● Given data:
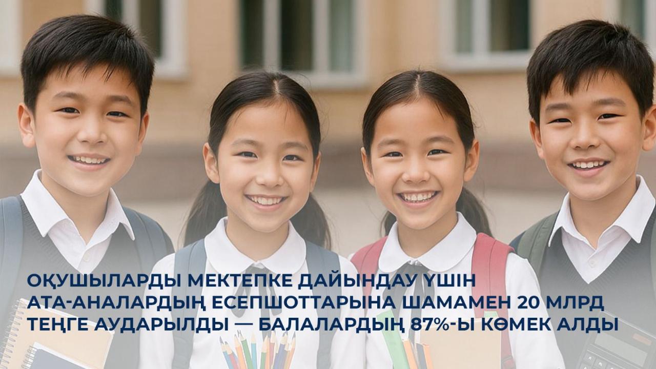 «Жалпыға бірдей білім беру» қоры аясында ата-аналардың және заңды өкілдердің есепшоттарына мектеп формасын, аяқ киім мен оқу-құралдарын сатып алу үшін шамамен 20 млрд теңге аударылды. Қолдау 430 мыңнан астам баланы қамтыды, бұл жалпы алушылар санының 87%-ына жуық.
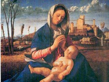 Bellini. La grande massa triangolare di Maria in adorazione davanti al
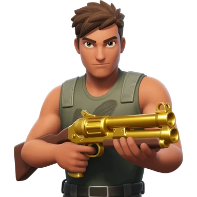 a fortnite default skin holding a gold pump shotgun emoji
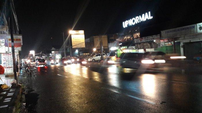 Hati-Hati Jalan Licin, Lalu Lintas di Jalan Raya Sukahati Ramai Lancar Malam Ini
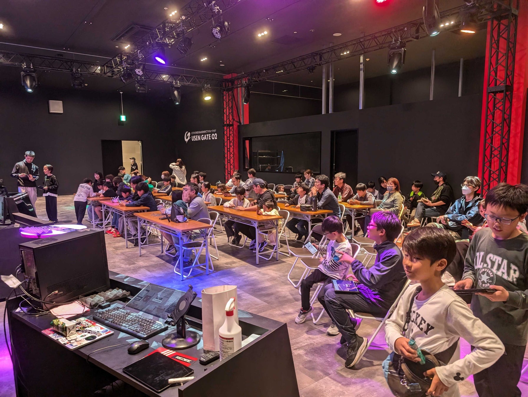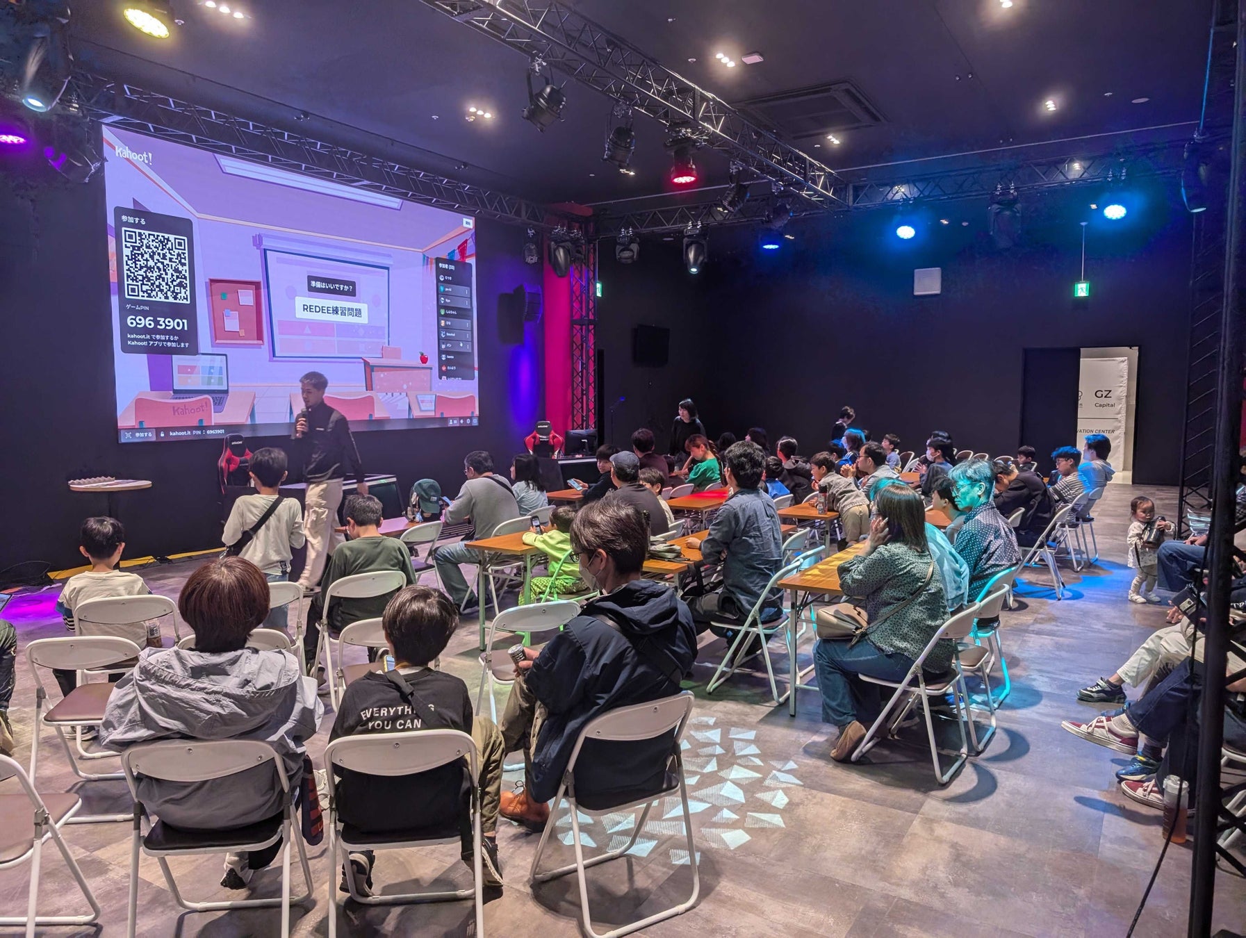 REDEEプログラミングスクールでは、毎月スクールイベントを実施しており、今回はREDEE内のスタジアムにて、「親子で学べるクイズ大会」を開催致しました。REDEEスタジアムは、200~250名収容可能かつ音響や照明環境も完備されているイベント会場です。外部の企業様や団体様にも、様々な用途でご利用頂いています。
==
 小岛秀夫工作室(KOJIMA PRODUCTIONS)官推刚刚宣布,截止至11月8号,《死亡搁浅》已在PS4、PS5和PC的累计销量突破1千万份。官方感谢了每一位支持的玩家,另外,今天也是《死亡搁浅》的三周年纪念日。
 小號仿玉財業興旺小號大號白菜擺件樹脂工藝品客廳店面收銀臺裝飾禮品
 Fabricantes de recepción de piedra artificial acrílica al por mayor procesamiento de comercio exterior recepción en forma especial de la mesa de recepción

● Brief: Print, exactly, each line above from the one with "санының 87%-ына жуық." to the one with "REDEEプログラミングスク", end lines included. Leave pictures out of it.

● Reply to the task:
 «Жалпыға бірдей білім беру» қоры аясында ата-аналардың және заңды өкілдердің есепшоттарына мектеп формасын, аяқ киім мен оқу-құралдарын сатып алу үшін шамамен 20 млрд теңге аударылды. Қолдау 430 мыңнан астам баланы қамтыды, бұл жалпы алушылар санының 87%-ына жуық.
 Bellini. La grande massa triangolare di Maria in adorazione davanti al
 a fortnite default skin holding a gold pump shotgun emoji
 Hati-Hati Jalan Licin, Lalu Lintas di Jalan Raya Sukahati Ramai Lancar Malam Ini
 REDEEプログラミングスクールでは、毎月スクールイベントを実施しており、今回はREDEE内のスタジアムにて、「親子で学べるクイズ大会」を開催致しました。REDEEスタジアムは、200~250名収容可能かつ音響や照明環境も完備されているイベント会場です。外部の企業様や団体様にも、様々な用途でご利用頂いています。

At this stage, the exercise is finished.